Writing new data to the replicated data set causes differences
between the original and the replicated data set. The availability
device keeps tracking and replicates the differences, therefore
when the offline device comes back online, the availability device
brings the offline device back into synchronization with the
now-changed replicated data set according to the replicated
differences. After the synchronization, the availability device
re-routes the independent data paths again so that the workload
balance of the SAN system is restored.
[0015] In addition, each of the availability engines is configured
to verify that the SAN system is in fully functional status before
taking any maintenance action. Each of the availability engines is
also configured to verify that the offline component is in an
allowable status before bringing the offline component back
online.
[0016] To avoid any disruptions of the SAN system operation,
re-routing a data path due to a component being offline or back
online should require less than 15 seconds. Because the timeout
values to server commands are typically in the neighborhood of 30
seconds, preferably, the present invention can construct a SAN
environment in which one ordinarily skilled IT administrator can
take any component out for maintenance, and bring it back online
later, in an orderly manner and without disturbing the operation of
the SAN system at all.
[0017] In accordance with the second aspect of the present
invention, a SAN system is disclosed. The SAN system includes
multiple components, the multiple components include at least one
server; at least two storage devices containing unique
configuration information and data information; at least two
switches connected to the at least one server and the at least two
storage devices to form multiple data paths from the at least one
server and the at least two storage devices via each of the at
least two switches; and an availability device including two
availability engines, wherein each availability engine is connected
to the at least two switches, configured to detect health
conditions of the at least two storage devices and configured to
control the at least two switches to allow the at least one server
to access at least one of the at least two storage devices through
at least one of the multiple data paths according to the health
conditions.
[0018] In accordance with a further aspect of the present
invention, a method for operating the SAN system of the second
aspect of the present invention is disclosed. A method for
operating the storage area network (SAN) system of the second
aspect of the present invention to bring one of the components
offline includes determining which one of the at least two storage
devices should be brought offline and designating the storage
device as a first device; detecting a health condition of the first
device; detecting health conditions of the two availability
engines; detecting health conditions of the at least two switches;
detecting health conditions of connections between the two
availability engines and the first device; detecting health
conditions of connections between the two availability engines and
at least one server; and recording the unique configuration
information contained within the first device.

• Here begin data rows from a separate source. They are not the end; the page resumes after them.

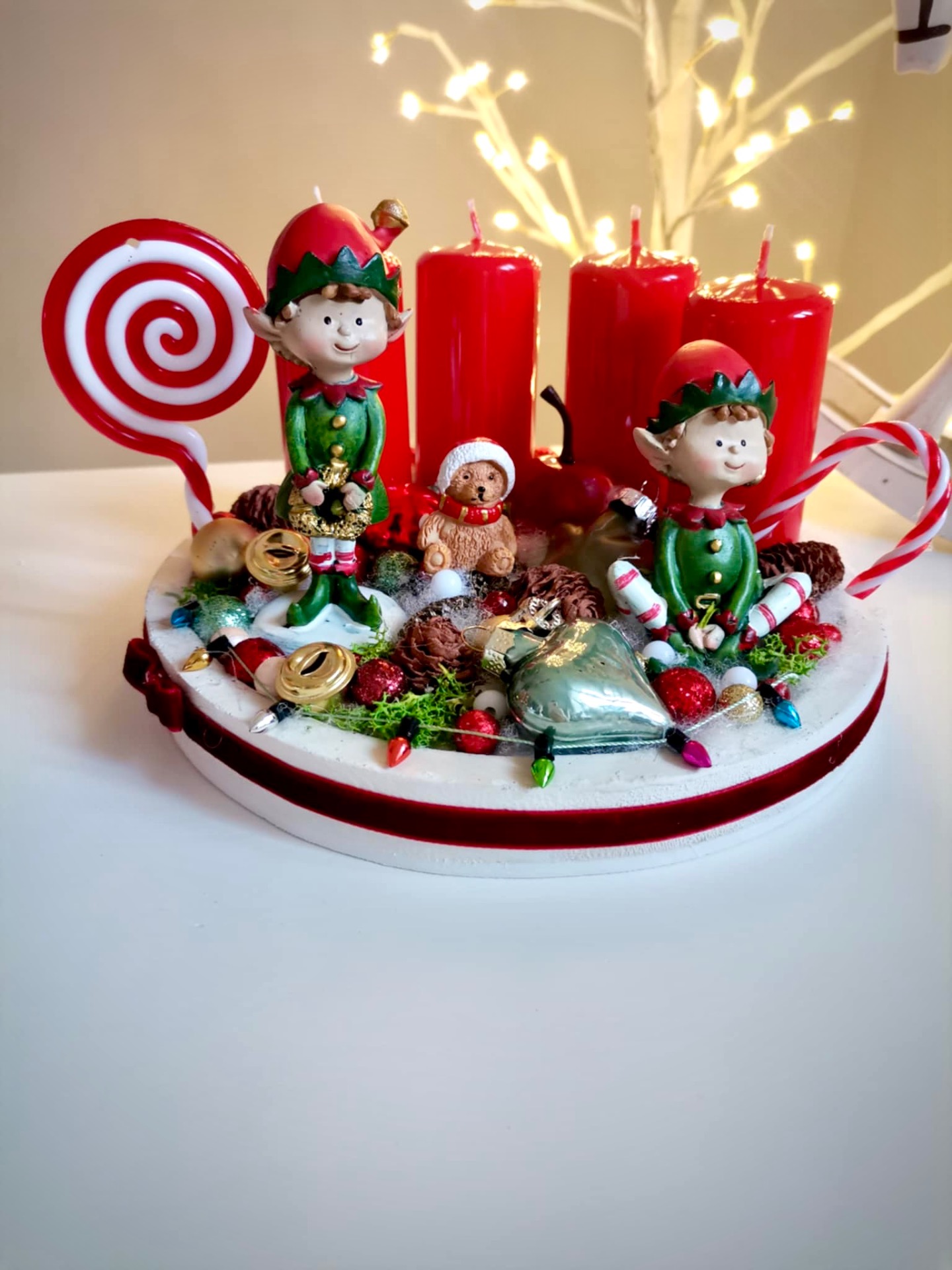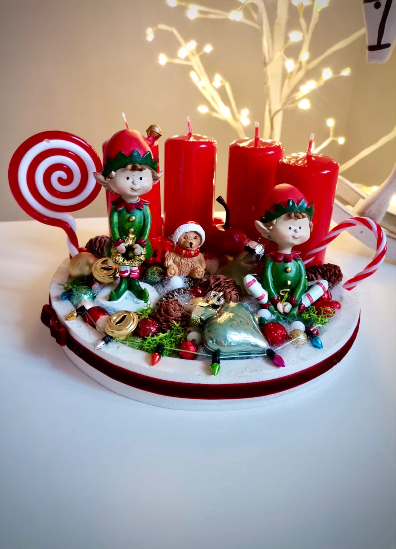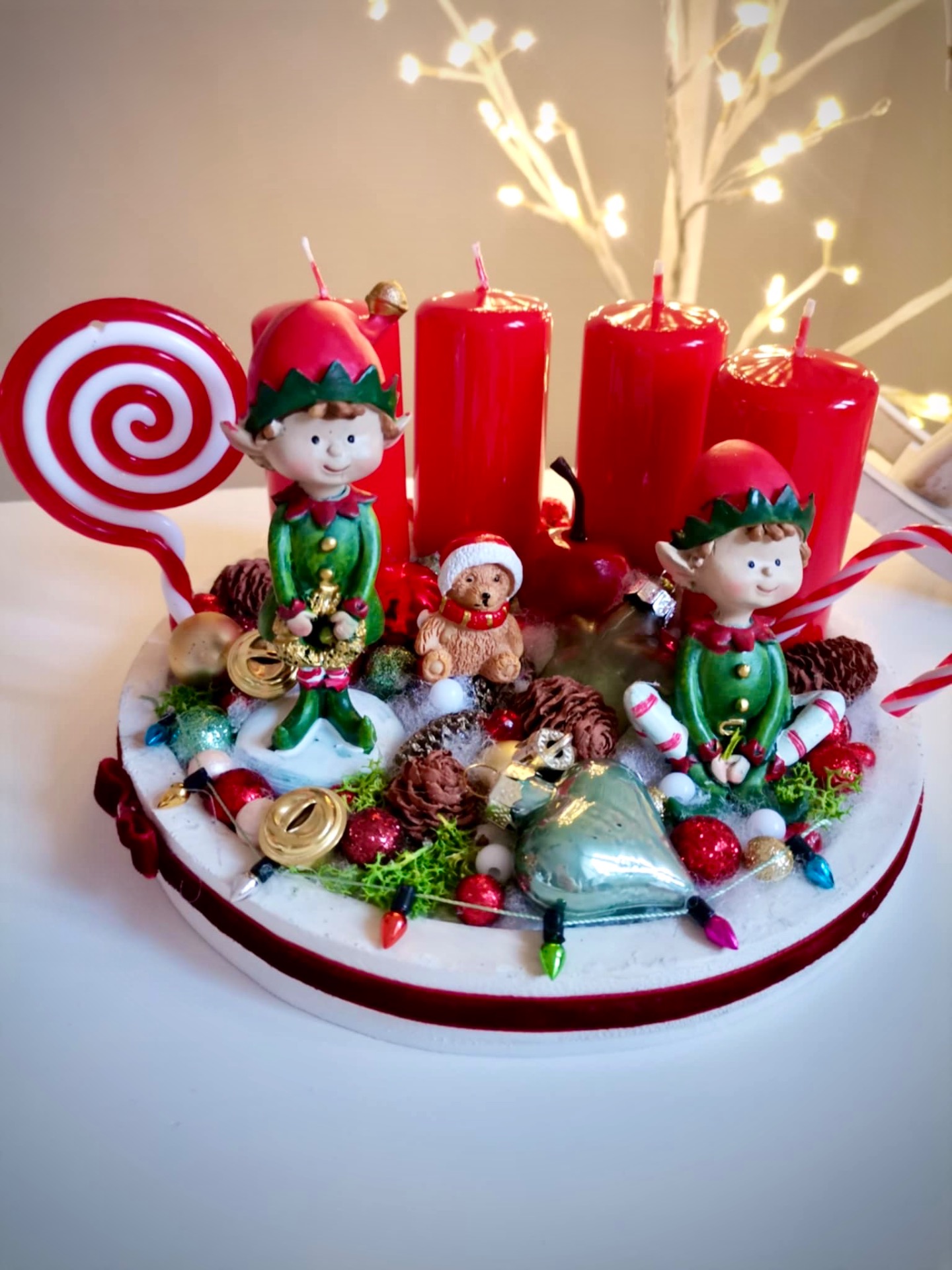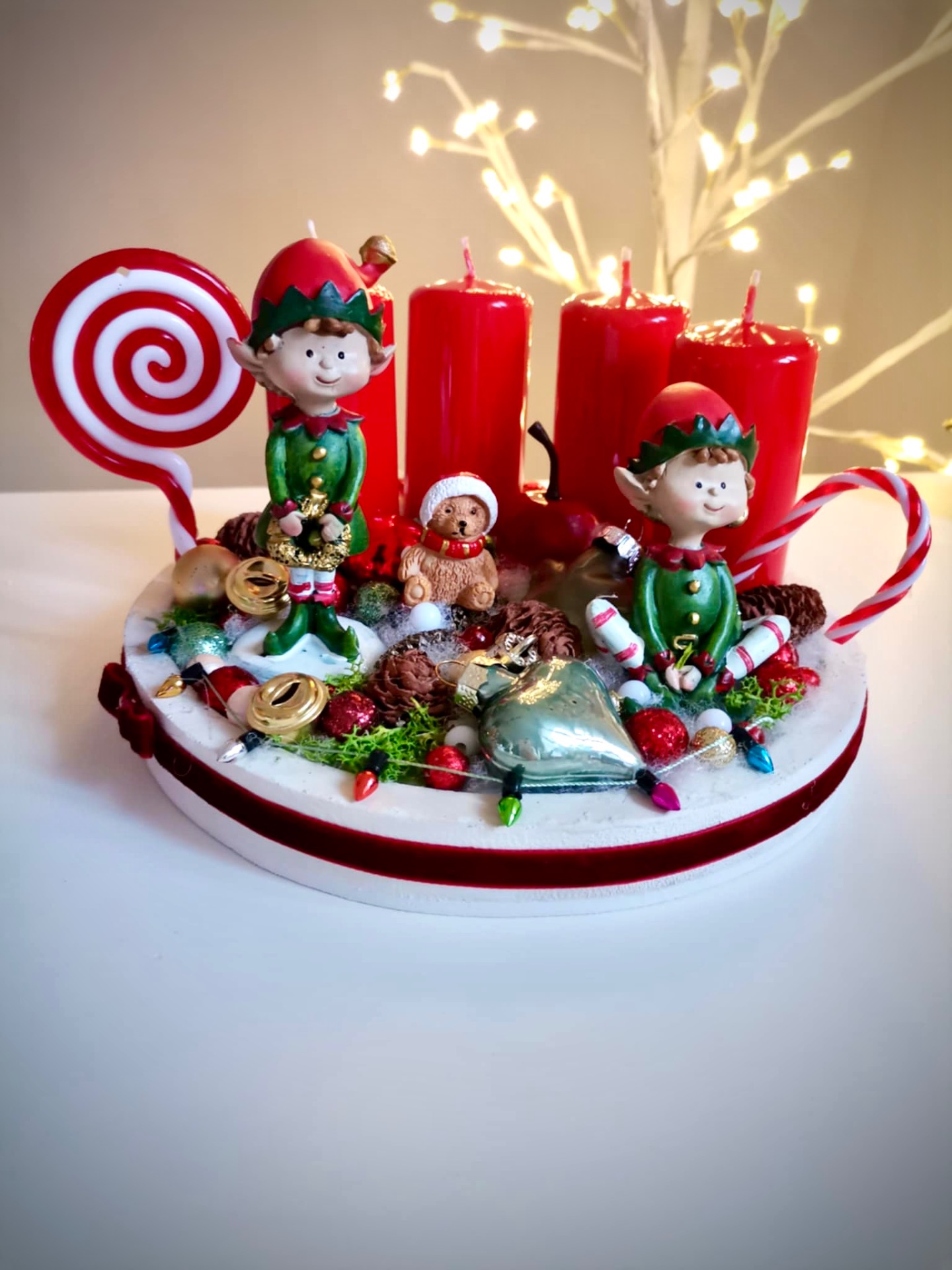 Az alap átmérője 20 cm. A gyertyákat gyertytüskékkel rögzítettem, így később cserélhető.
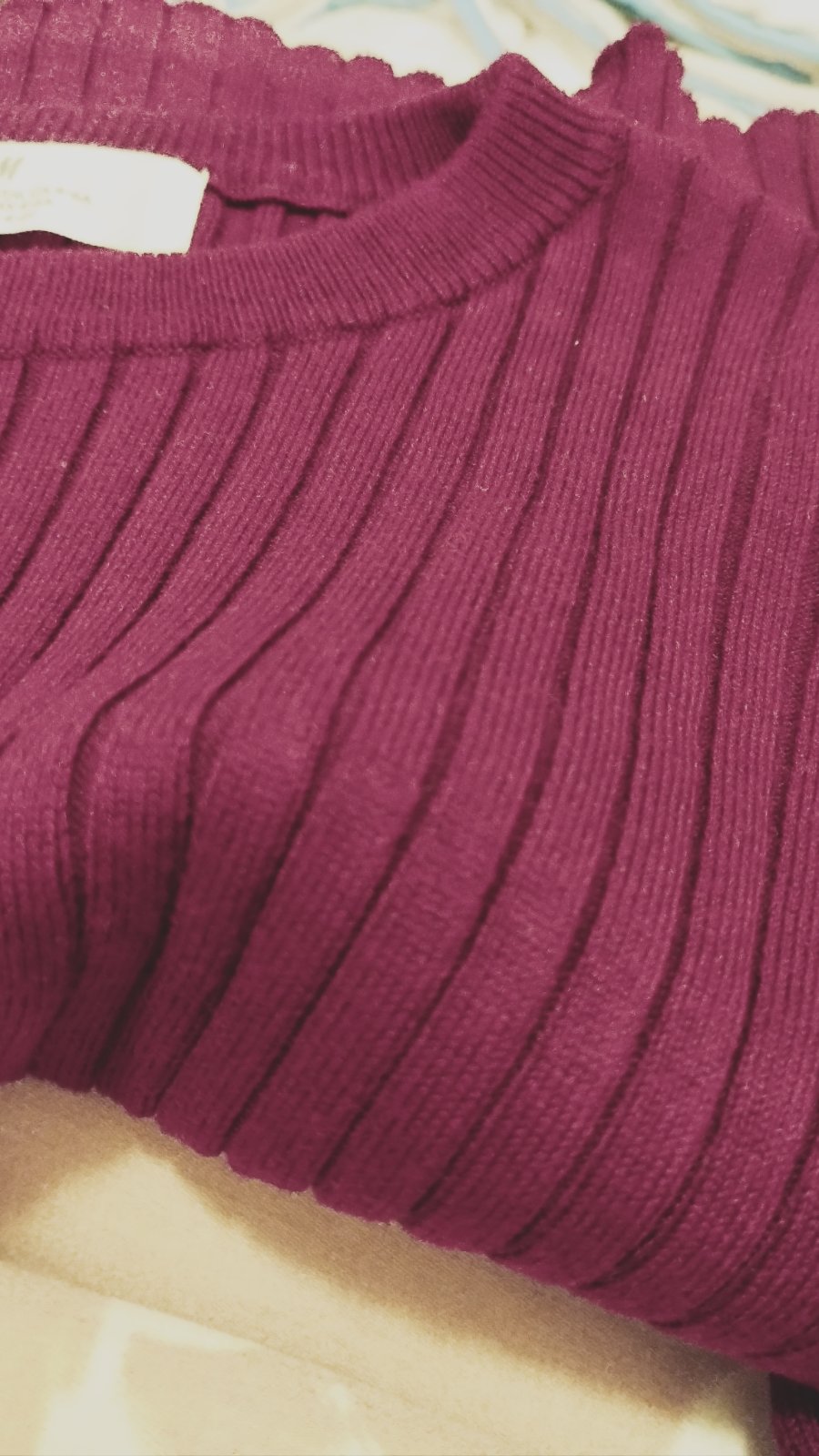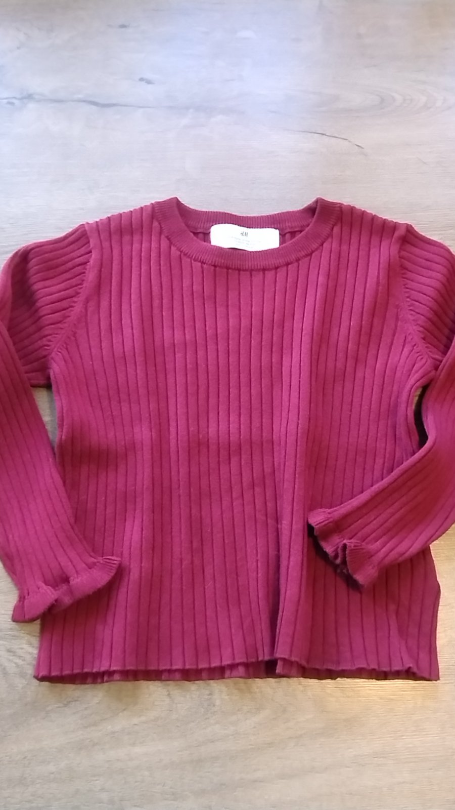 Balíček obsahuje: Tenký svetrík H@M. Veľkosť 4-6 rokov, podľa mňa skôr 5-6 rokov, bol len opratý. Veľmi jemný na nosenie, krásne ukončené rukávy. Je bordovej farby, zle sa fotila. Nie je do červena.
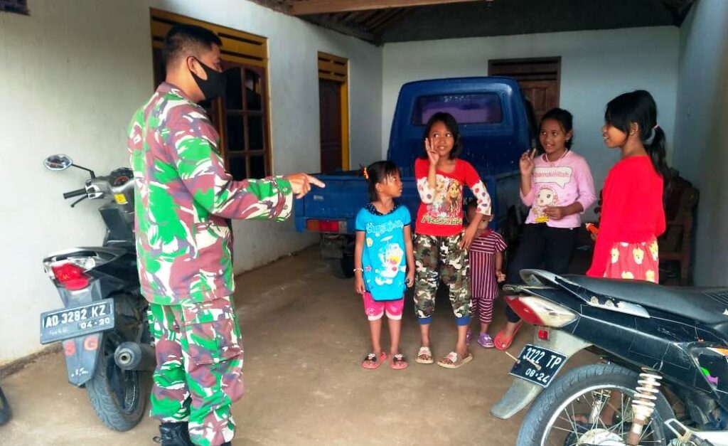 “Di sela-sela kegiatan utama, kami mengajak anak – anak yang sedang belajar di rumah, mengerjakan tugas diberikan guru. Mengingat saat ini anak-anak diliburkan sementara, untuk membatasi penularan virus Covid-19 ujarnya Sertu Heryadi.
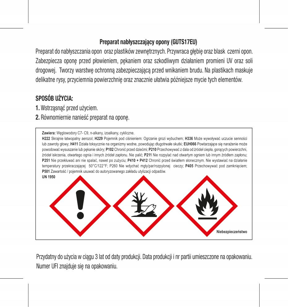 ☑️ Ochrona i trwałość: Zabezpiecza opony przed płowieniem, pękaniem oraz szkodliwym działaniem promieni UV i soli drogowej.
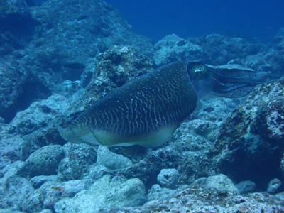 洞窟から少し移動するとコブシメもいた。初めて生で見たけれども大きいな。
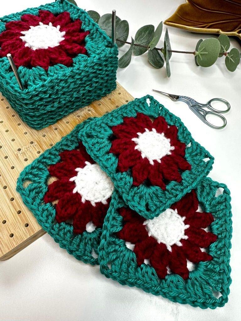 Made using cotton yarn and just 4 floral granny squares, this project is easy and fun!
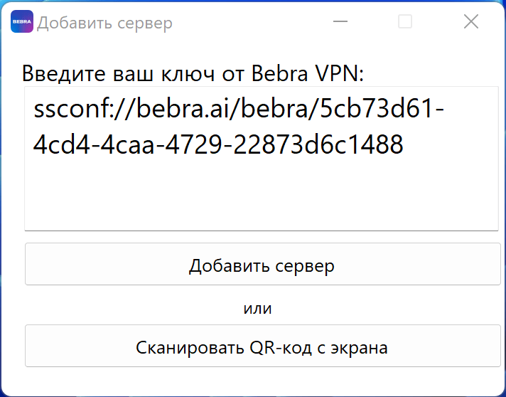 Вставьте ваш ssconf-ключ в окне добавления ключа, и нажмите кнопку "Добавить сервер".
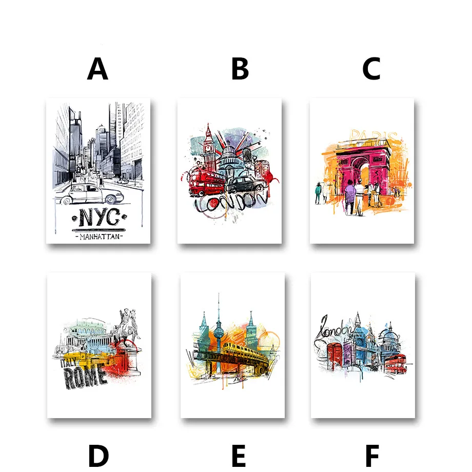 Настенная Картина на холсте в скандинавском стиле, постеры с изображением Лондона, Парижа, римского пейзажа, Нью-Йорка, декор для гостиной и дома
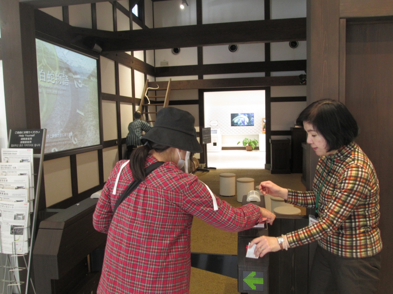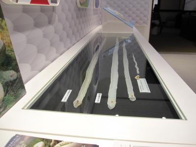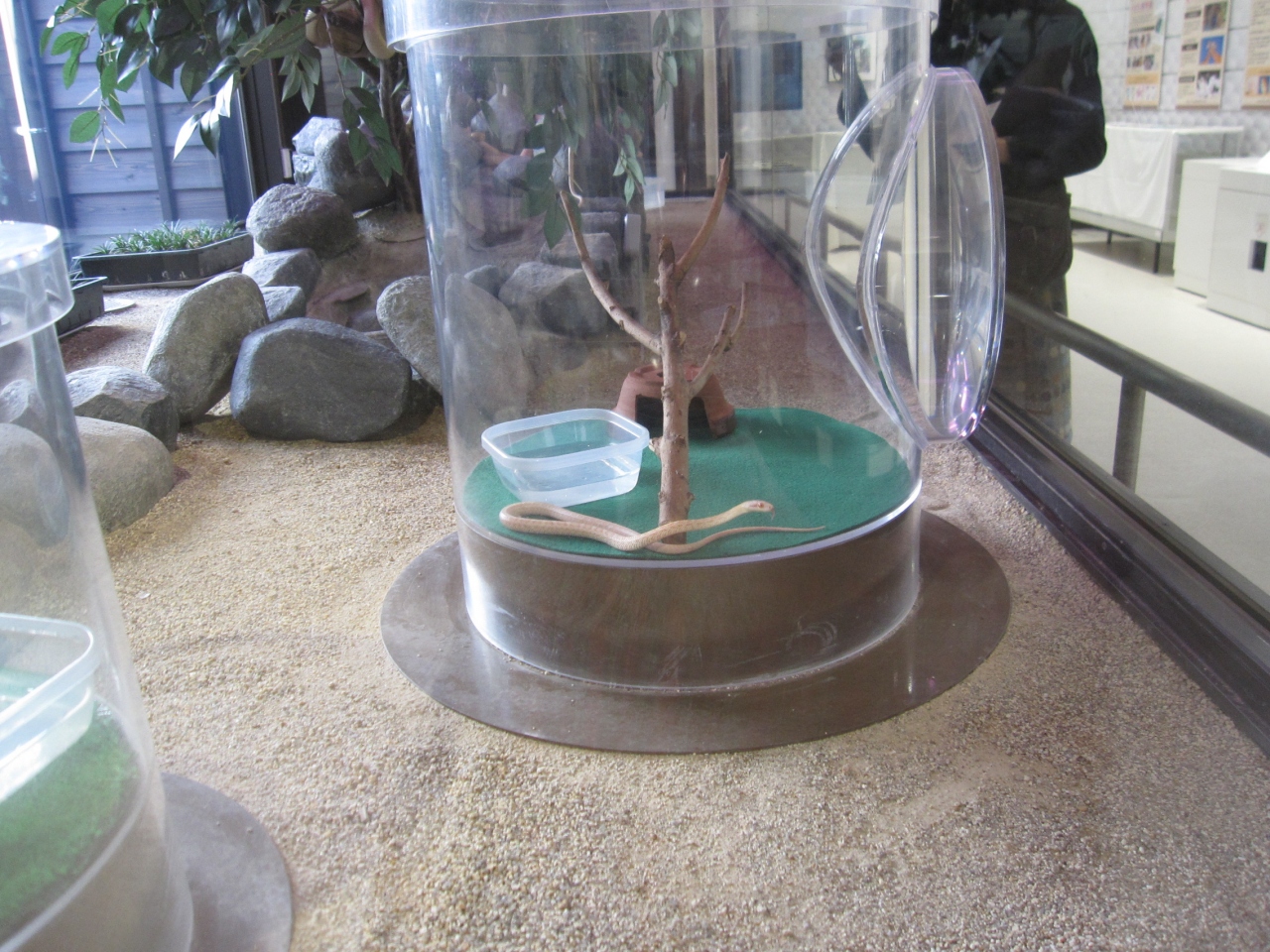 シロヘビは突然変異のアオダイショウで、昔から岩国だけに集中して生息し、ここ博物館では生体の展示、資料や模型の展示、映像を公開され、シロヘビグッズの売店もあります。
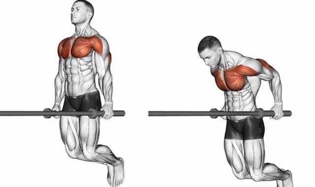 So if you choose between two movements to exercise the thrust muscle group, the efficiency of parallel bar arm flexion and extension will be higher!
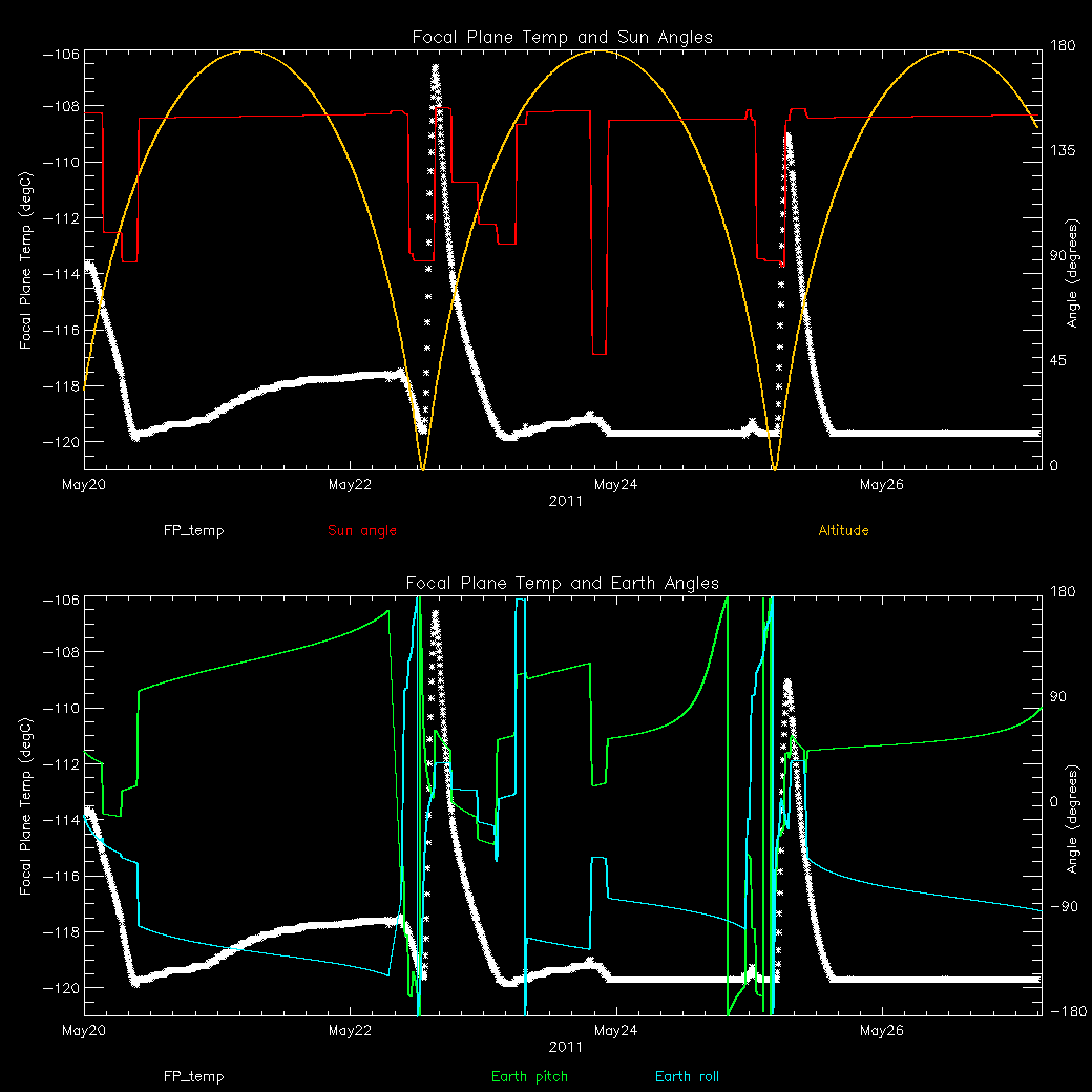 Weekly focal plane temperature with sun angle, earth angle, and altitude overplotted. Sun angle is the solar array angle, that is the angle between the sun and the optical axis (+X axis). The earth angle is the angle between earth and the ACIS radiator (+Z axis). Altitude varies from 34 kkm to 128 kkm.
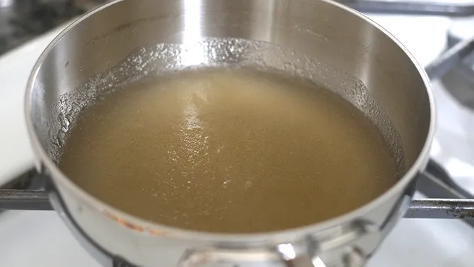 Step3When ready to make white layer, pour water into a small saucepan and sprinkle with gelatin. Allow to soak in a minute or two and then heat on medium, stirring constantly until gelatin dissolves. Remove from heat and pour into a heat-safe measuring cup. Add enough sweetened condensed milk to achieve approximately 1.5 cups of liquid. Stir to combine completely. Allow to cool for about 10 minutes. (Or it will melt the hearts.)

[0019] In accordance with yet another aspect of the present
invention, a method for operating the SAN system of the second
aspect of the present invention is disclosed. The method for the
SAN system of the second aspect of the present invention to bring
one of the components back online includes detecting a topology
change in the SAN system; sending a notification to all components
of the SAN system; recording the notification in any one of the two
availability engines; and determining a new arrival port.
[0020] In the present invention, the ordinary skilled can
understand that "engine" is a terminology in the software point of
view. "Availability engine" can be replaced with "availability
unit", when it is described in the aspect of hardware. The above
objectives and advantages of the present invention will become more
readily apparent to those ordinarily skilled in the art after
reviewing the following detailed descriptions and accompanying
drawings, in which:
BRIEF DESCRIPTION OF THE DRAWINGS
[0021] FIG. 1 shows the topology architecture of a basic SAN system
with the availability device.
[0022] FIG. 2 shows an embodiment when the availability engine
tests the independent data path with input/output (I/O) from
availability engine to one storage device via one FC switch.
[0023] FIG. 3 shows another embodiment when one availability engine
tests the independent data path with I/O from the server side to
the storage device side via one FC switch, and the other
availability engine via the other FC switch.
DETAILED DESCRIPTION OF THE PREFERRED EMBODIMENTS
[0024] The present invention will now be described more
specifically with reference to the following embodiments. It is to
be noted that the following descriptions of preferred embodiments
of this invention are presented herein for the purposes of
illustration and description only; they are not intended to be
exhaustive or to be limited to the precise form disclosed.
[0025] An availability device includes two or more clustered
availability engines, so that the functions of the entire
availability device will not be disturbed when any one availability
engine is offline. A full parity protected data path, a redundant
power supply, and self-diagnostic capability are required for each
availability engine. Inside the availability device, the clustered
availability engines communicate with each other through a standard
SAN server-storage device interface. Structurally, the availability
device has no back panel and so that an individual availability
engine can be removed physically when necessary.
[0026] As shown as FIG. 1, the present invention is based on an
availability device 130 with two or more clustered availability
engines 131 and the availability device 130 is concomitant with the
SAN system 100 having a standard and redundant configuration. At
least one server 111 is connected to the dual and independent SAN
switches 121 and 122, which are also connected to two or more
dual-port storage devices 141.
[0027] To handle the event of any unexpected component behavior,
one possible option is that an availability engine 131 performs a
self-reboot as an attempt to recover from the event. Self-rebooting
as part of the recovery (re-healing) process greatly improves the
availability of the overall SAN system 100. The events which
trigger the reboot will be properly logged and will be verified
after recovery to prevent the availability engine 131 from having
to reboot too often. The availability engine 131 halts itself when
it detects continuous rebooting due to repeated failures (for the
same cause). Because of the communication in the availability
engine cluster, other availability engine(s) takes the workload
from the halted availability engine to maintain the operation of
the SAN system 100.
[0028] The event of regular maintenance and any unexpected
component degradation may be some of the reasons that causes
"unsupported behavior" or "unresponsive behavior".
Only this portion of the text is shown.